Ever gotten excited about a house for sale, then looked at the price and thought, “Are they out of their minds?” Yeah, us too.
It can be a disheartening moment when you're house hunting. And that jaw-dropping asking price might simply seem like an arbitrary, money-grabbing number that's keeping you from your dream home. But before you dismiss a house for being too expensive, you should know that there are a variety of reasons a property is priced the way it is.
“Pricing a home is part science and part art,” says Kevin Vitali, an associate broker with Exit Group One Real Estate, in Tewksbury, MA.
Understanding the reasoning behind a home's price tag can make you a smarter buyer—and help you know exactly what you're getting for your money. Here are five factors that experienced real estate agents consider before slapping that "For Sale" sign on a home.
1. What's happening in your local housing market at any particular moment Current real estate market conditions—including how many houses are up for sale, and how fast they’re being snapped up—determine how a property should be priced. Low inventory creates a seller’s market with aggressive listing prices. A surplus of homes for sale results in overall lower asking prices.
Perhaps you know all that. But what you might not realize is how quickly it can all change.
“Markets can turn on a dime, and I find home buyers usually have old data in their heads; often, they’re lagging about six months to a year,” Vitali says.
That's why he recommends working with an experienced real estate agent who's familiar with the neighborhood you're shopping in and can assess whether a home is priced fairly—or not.
2. The (extremely specific) location of the house Yes, you’ve heard the old place-based adage (which we won't repeat here). But did you know how granular the idea of "location" gets? We're not just talking about being in a good neighborhood. Similar or even identical houses just streets apart from each other can have wildly different price tags based on things like traffic noise and access to quality schools, shops, and restaurants.
“The asking price also depends on what else is on the block; for example, is there a tear-down next door? And how old are the buildings to your right and left?” asks Sheldon Salnick, a Realtor® with Dreamtown Real Estate, in Chicago. “Is there a park nearby, or a dog run within five blocks?”
A quiet cul-de-sac or a busy thoroughfare will also affect the prices of homes on them, he notes, as will the direction the home faces (any hardened home shopper can tell you how much light affects the overall perception of a home).
And in most areas, properties with easy access to highways fetch higher dollars, Vitali adds.
3. The comps Often, Vitali says, sellers have a figure in mind based on nothing more than a wish. But real estate pros will do a comparable market analysis—what similar homes have recently sold for—before determining how to price a property.
“Historical data plays a huge role in setting a listing price; it's not a number just pulled out of the air. So find an agent who can interpret that data,” Vitali says.

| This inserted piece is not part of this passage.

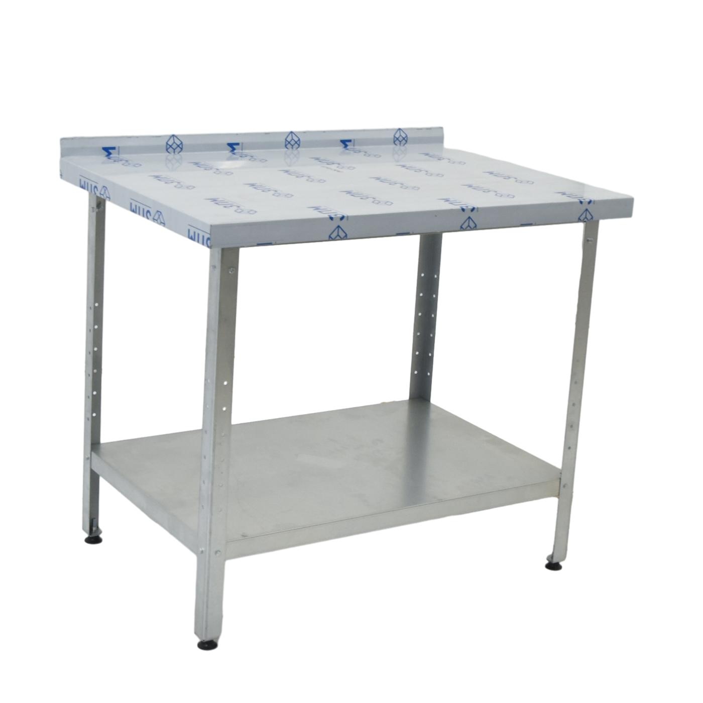 Стол производственный “ASSUM-Standart” со сплошной полкой из оцинкованной стали, с бортом.

“The name of the game is what the competition is charging,” Salnick adds.
4. The amenities (and overall appeal) of the home Sure, size matters. But today’s demanding buyers are concerned with much more than square footage—all of which helps determine an asking price, Salnick says.
"Clients prefer new construction, brand-name appliances, and large bedrooms—[preferably] at least three on one floor if they have kids—plus a den or office,” Salnick says of the Chicago market. “Light plays a major role in the value of a house: The more windows, the more people enjoy the house. Ceiling heights factor in, too:10 feet and up are where it's all at.”
Additional features such as parking, central air conditioning, outdoor space, and floor plan also affect the sticker price.
“Layout and functionality are huge; people want open layouts, so homes built in the '50s or '60s without open plans are priced lower,” Vitali says.
5. Age and condition of the home If you happen to fall for an aging, poorly maintained property that you're just dying to fix up, know this: You won't automatically see a deeply discounted price tag. It all depends on the home's location (see No. 2) and other factors we've discussed. But chances are good it won't cost the big bucks that a recently revamped home in the same neighborhood would, Vitali says.
If you want a newer, turnkey home, expect to pay more for that. Caveat: Even if a seller has done multiple upgrades, quality trumps quantity every time, Vitali says.
“If there’s been an addition to the house or some serious electrical work done in an unprofessional manner, that will reduce the sales price,” he says.